William Howard Arnold (January 18, 1901 – September 30, 1976) was a lieutenant general in the United States Army.

Early life

Arnold was born in Dyersburg, Tennessee on January 18, 1901.  In 1924 he graduated from the United States Military Academy.

Early career
Assigned to the Infantry, Arnold served in assignments throughout the United States.  In 1928 he graduated from the Infantry Officer Course.  From 1928 to 1930 he was assigned to Schofield Barracks, Hawaii.

Arnold was assigned as Training and Operations Officer, S-3, for the 15th Infantry Regiment in Tientsin, China from 1934 to 1936.

In 1938 he graduated from the Command and General Staff College.

World War II
From 1942 to 1943 Arnold was Assistant Chief of Staff for Training and Operations, G-3, of the IV Corps, headquartered at Fort Lewis, Washington.

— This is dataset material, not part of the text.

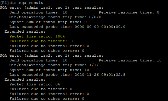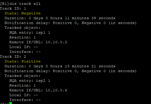 我实在模拟器上做的,我关掉R2,正常NQA会触发track,删除0.0.0.0 0 10.10.0.2路由,但实际路由表还是两条路由:
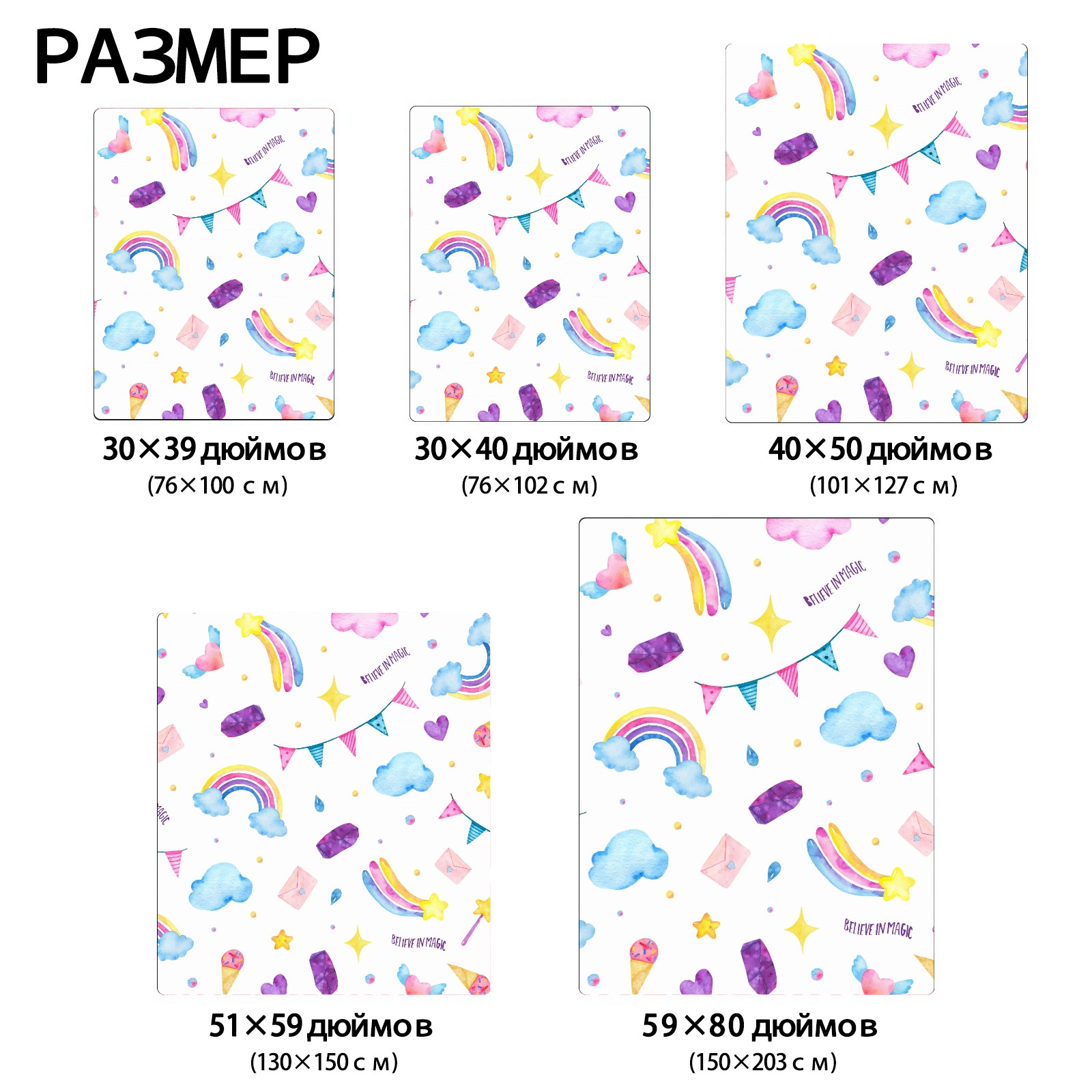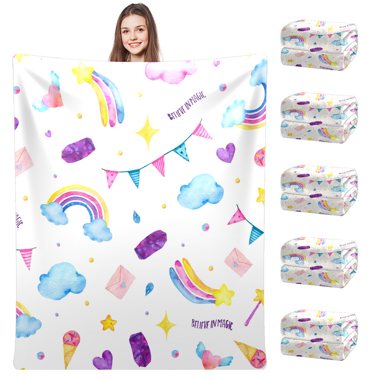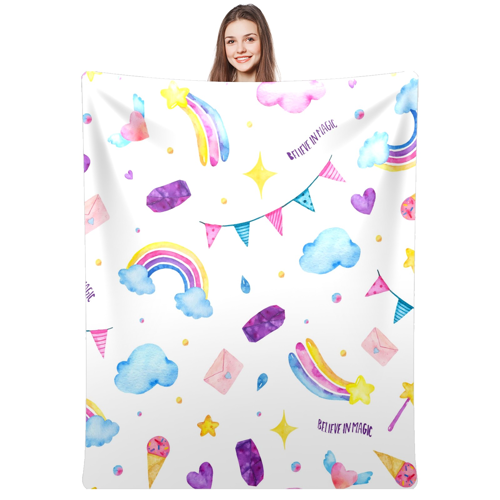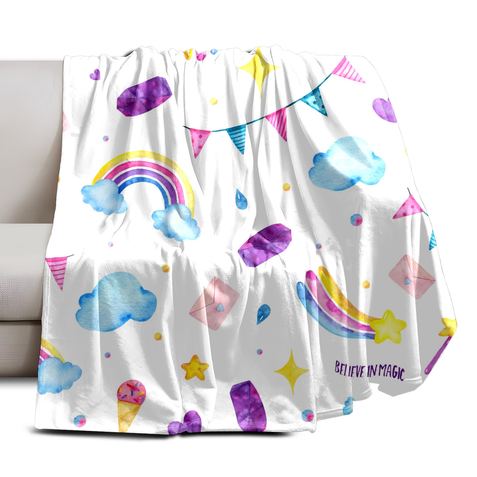 Flannel Blanket, Ultra-Soft Comfortable Home Decor Rug, The Perfect Comfort Gift for Both Men Women, Suitable for Beds, Sofas, Loungewear, and Travel 30x39in(Cute Magic Unicorn Ice Cream Wand Clouds)

Arnold was promoted to brigadier general in September, 1943 and assigned as Chief of Staff of the XIV Corps, supervising the planning and execution of combat operations in Guadalcanal, New Georgia, and Bougainville.

Arnold was promoted to major general in November, 1944 and assigned to command the 23rd (Americal) Infantry Division.  He served until the division was deactivated in December, 1945, leading it during combat operations in the Southern Philippines.  In August, 1945 Arnold accepted the surrender of the Japanese occupying Cebu Island.

Post-World War II
Arnold continued his Army service after the war.  From 1950 to 1952 he served as commander of the Joint Military Mission for Aid to Turkey (JMMAT).

In 1953 Arnold was assigned as commander, of U.S. Forces Austria, receiving promotion to lieutenant general and serving until 1955.

Arnold was named commander of the 5th United States Army headquartered in Chicago, Illinois in 1955, where he served until his 1961 retirement.

Awards and decorations
General Arnold's honors included multiple awards of the Distinguished Service Medal including two for World War II, the Silver Star, two awards of the Legion of Merit, two Bronze Stars and the Air Medal.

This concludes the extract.